TheStageAI.infer and TheStageAI.infer_stream are nonisolated, so each node runs on independent tasks. Don’t wrap inference calls in Task { @MainActor in ... }.

Latency ¶

Measured on M-class Mac with OpenAI gpt-4o-mini:

Turn	LLM 1st Token	First Audio	Full Speak
Short reply	487 ms	521 ms	3.3 s
Long monologue	575 ms	601 ms	53.1 s
Mid-length	1226 ms	1497 ms	5.8 s

Troubleshooting ¶

Agent keeps interrupting itself ¶

This happens when the agent’s own TTS output is picked up by the microphone and interpreted as user speech, triggering a barge-in. The root cause is missing or ineffective Acoustic Echo Cancellation (AEC).

On macOS: set interrupt_mode to .none. macOS does not have hardware-level AEC, so the default is already .none — if you overrode it to .speech_only, revert or use headphones.

On iOS: verify that aec_enabled is true (the default). If you disabled it, re-enable it. If self-interruption still occurs with AEC enabled, increase interrupt_min_speech_ms (e.g. to 800) so the agent requires a longer burst of detected speech before it triggers a barge-in.

Agent responds too slowly or cuts off the user ¶

These are two sides of the same coin — turn detection timing.

Cuts off the user mid-sentence: the agent commits the turn too eagerly. Switch from .vad to .dnn turn detection mode so the neural model can distinguish between a pause and the end of the utterance:

config.turn_detection_mode = .dnn
config.turn_detector = "TheStageAI/smart-turn-v3"

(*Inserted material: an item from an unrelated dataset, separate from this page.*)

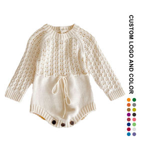 Baby Jumpsuit 2023 Wholesale Winter Chunky Newborn boys' Girls' Designs 100% Organic Cotton Knitted Jumper Romper Baby Sweaters
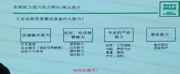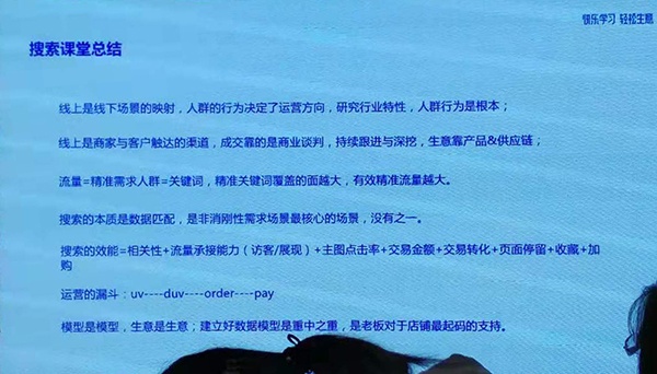 本次学习,对我们帮助最大的课程是《搜索之道》和《客户运营提升转化》。后期的工作过程中,我们要努力学会分析数据、选择合适的关键词、做好店铺的排版和产品信息的主图详情页等等,以提高我们产品的展现和点击,最终目的是提高点击转化率和支付转化率!

If you stay in .vad mode, increase silence_timeout_ms (default 608 ms) to give the user more breathing room.

Responds too slowly: the agent waits too long after the user finishes. In .dnn mode, lower turn_eot_threshold (default 0.85) so the model commits sooner. In .vad mode, decrease silence_timeout_ms.

Model loading takes too long ¶

The first call to agent.start() downloads all model bundles from Hugging Face and compiles them for the target device. This can take tens of seconds on a cold start.

Use prefetch_engines on a loading or splash screen to move the download out of the critical path:

try await ai.prefetch_engines(
    engines: [
        "TheStageAI/silero-vad",
        "TheStageAI/thewhisper-large-v3-turbo",
        "TheStageAI/neutts-multilingual"
    ]
)

Once cached, subsequent launches load models from disk in under a second.

Transcription is inaccurate ¶

Check these common causes:

Audio format mismatch. The STT pipeline expects 16 kHz mono Float32 input. If your audio session is configured for a different sample rate or channel count, the Whisper model receives garbled audio. The default AudioStreamConfig values are correct — only check this if you overrode them.
Wrong language. stt_language defaults to "en". If the user is speaking another language, set this to the correct BCP-47 code (e.g. "es", "de", "ja").
Noisy environment. Whisper is robust but not immune to loud background noise. On iOS, ensure aec_enabled is true so the device’s own speaker output is cancelled from the microphone signal.

No audio output on device ¶

If the agent appears to work (events fire, transcripts appear) but no sound is heard:

Missing background mode. On iOS, add audio to UIBackgroundModes in Info.plist. Without it, the audio session may be deactivated by the system.
```
<key>UIBackgroundModes</key>
<array>
    <string>audio</string>
</array>
```
TTS not configured. If tts is nil in the config, the agent operates in speech-to-text-only mode. Set it to a valid TTS bundle path (NeuTTS or Qwen3-TTS).
Silent mode / volume. On iOS, check that the device is not in silent mode and the media volume is up. The AudioStreamConfig category defaults to .playback, which respects the media volume slider.
Speaker ID. Modes that use vad_speaker_id* need speaker_id set to a speaker-embedding bundle and an enrolled vector via enroll_speaker. See Speaker embedding.

Agent checklist ¶

Wire vad / stt / tts / llm (local or OpenAI-compatible).
Local LLM: start_model first; model_path / llm_model must match the handle.
Mic/ASR 16 kHz; TTS playback 24 kHz.
Speaker ID → Speaker embedding.
Do not wrap infer / infer_stream in @MainActor tasks.